ASSIGNMENT ▸
Return each line exactly, from the one that has "ZONA DE LECTURA MECÁNICA" through the end of the entries, both ends included. Pictures do not belong.
╔══
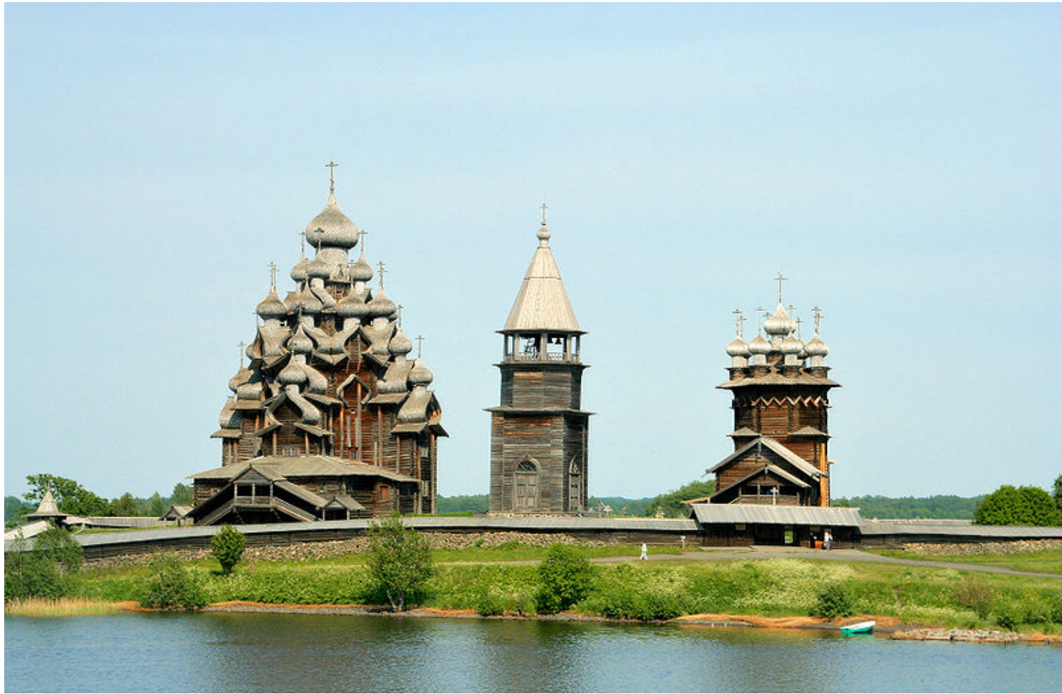
3.- Kizhi Pogost (1990)
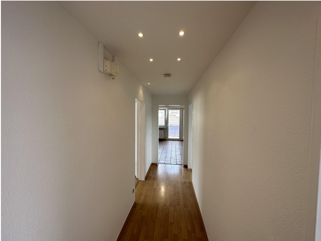
Flur Richtung Eingang
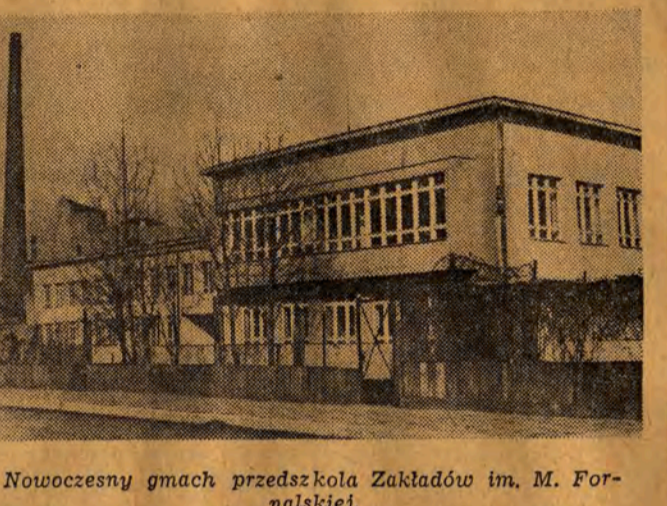
Nowoczesny gmach przedszkola Zakładów im. M. Fornalskiej.

Zajęcia w przedszkolach dostosowane są do godzin pracy rodziców. Np. przedszkole przy Zakładach Przemysłu Włókiennego im. Władysława Reymonta czynne jest od godziny 5 rano do godziny 10 wieczór. Już
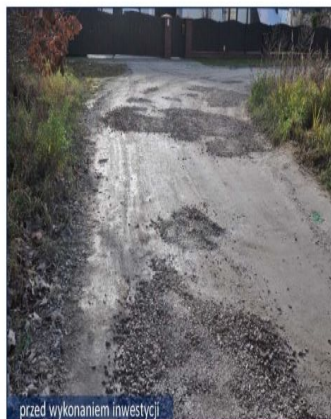
przed wykonaniem inwestycji

jezdnię asfaltową - koszt: 533 010,26 zł, kanalizację deszczową - koszt: 83 425,11 zł
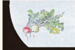
③ WH-3 かぶら 12月~2月 6399200 ¥4,500
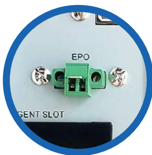
Apagado de emergencia (EPO)
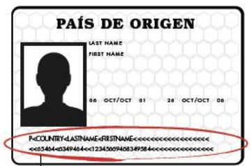
ZONA DE LECTURA MECÁNICA

Un viajero VWP con un pasaporte válido y legible mecánicamente sin una fotografía digital no necesita un nuevo pasaporte electrónico hasta la caducidad del existente, siempre que dicho pasaporte legible mecánicamente haya sido emitido antes del 26 de octubre de 2005.
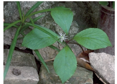
キビヒトリシズカ
╚══
EXERCISE SOLUTION ▸
ZONA DE LECTURA MECÁNICA

Un viajero VWP con un pasaporte válido y legible mecánicamente sin una fotografía digital no necesita un nuevo pasaporte electrónico hasta la caducidad del existente, siempre que dicho pasaporte legible mecánicamente haya sido emitido antes del 26 de octubre de 2005.
キビヒトリシズカ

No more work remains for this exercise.